20 czerwca zejście prapradziadka zgłasza pewien trzydziestu letni Młynarz i Leśny lat dwadzieścia osiem.
akt 35: http://metryki.genealodzy.pl/metryka.ph ... 322&y=1463


8 lipca tego samego roku, czyli 18 dni później te same osoby zgłaszają zejście praprababki i mają już odpowiednio: Młynarz lat trzydzieści pięć! i Leśny lat trzydzieści.
akt 37: http://metryki.genealodzy.pl/metryka.ph ... 117&y=1348

pozdrawiam
Bartosz S

Młynarz postarzał się o 5 lat w ciągu 18dni ;)

: wt 04 lip 2017, 23:29
autor: Sroczyński_Włodzimierz
jak się będziesz zmartwiał takimi szczegółami to może nie postarzejesz się w 18 dni o 5 lat, ale osiwienie grozi (tym bardziej im więcej w 18 dni aktów przeczytasz i przeanalizujesz:)
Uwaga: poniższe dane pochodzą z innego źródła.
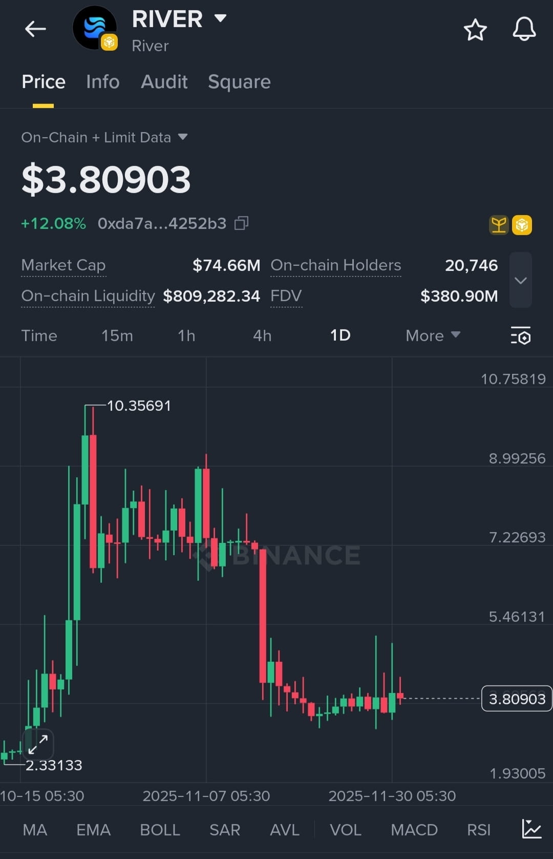 💧 RIVER 币种目前处于底部

Młynarz postarzał się o 5 lat w ciągu 18dni ;)

: śr 05 lip 2017, 00:54
autor: KarwalskaJustyna
To musiały być bardzo intensywne 18 dni :)




Justyna

Młynarz postarzał się o 5 lat w ciągu 18dni ;)

: śr 05 lip 2017, 09:26
autor: xtedek
Bartoszu to niestety nie jest ciekawostka a pewien standard w metrykach. Przekonasz się o tym jak przejrzysz nie 2 a 2 tysiące metryk. Ja miałem kiedyś problem z ustaleniem daty urodzenia Urbana Tetka, ponieważ w Malużynie przed 1784 rokiem nic się nie zachowało. Początkowo myślałem, że mogło być ich dwóch skoro jeden lat 50, a kilka lat wcześniej lat 30. Rozpisałem więc w excelu wszystkie jego wystąpienia w metrykach wraz z wpisanym wtedy rokiem i wiekiem. Okazało się, że na pewno był tylko jeden Urban Tetek. A największa rozbieżność w wyliczonej przeze mnie dacie jego urodzenia to było ok 16 lat. Dlatego w drzewie mam zapisaną wyliczoną wtedy średnią - urodzony 1773 ale tak naprawdę jest to +/- 8 lat, a kto wie może i więcej.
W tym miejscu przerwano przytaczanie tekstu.